If the CIOs in the partnership have a good relationship, their goodwill will trickle down to their teams. "We had mutual respect for each other, and I think that transferred quickly," says Bowdoin's Davis.

Gaer and CME's Krause are friends ("It's a small industry," Gaer notes). And they had worked together in the past. "That really helped — having the familiarity with each other from a cultural as well as a technology level," Gaer adds. Eventually, as their IT teams got to know each other over weeks of conference calls, they also developed close relationships.

Griffin and Davis helped transfer their energy to their teams by bringing their managers to the birthplace of the project at Snowmass. "We did some bonding over Frisbee, golf, rafting and hiking," says Griffin. "As much as electronic collaboration is great, sometimes it helps to meet people face-to-face and get a sense of what kind of sushi they eat, or if they prefer Fenway Park or Dodger stadium."
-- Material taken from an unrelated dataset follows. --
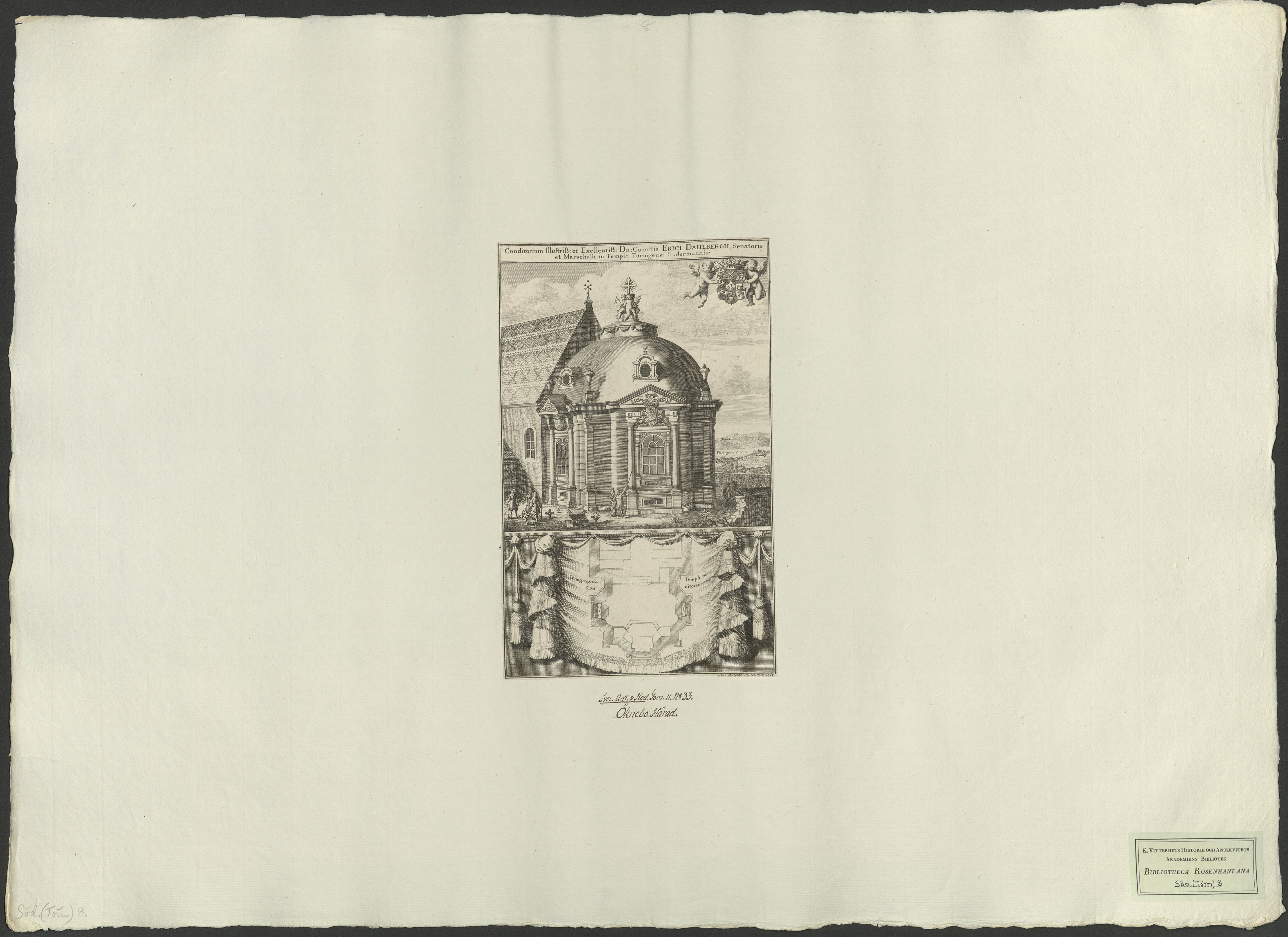 Beskrivning: 1 tryckt ark : j.v.d. Aveelen sc. Påskrift: "Svec. Ant. & Hod. Tom. II. No 33. Öknebo härad."

Griffin says that because collaboration with a peer organization is still a new concept, IT staffs are bound to view it cautiously. It takes enthusiastic leadership from the CIO — and a few gung-ho staff members — to get things moving. "There was some trepidation at first," Griffin says. "But I have a couple of people who saw this as exciting. Sometimes it takes a few people who look at the world differently to make a collaboration effort like this contagious."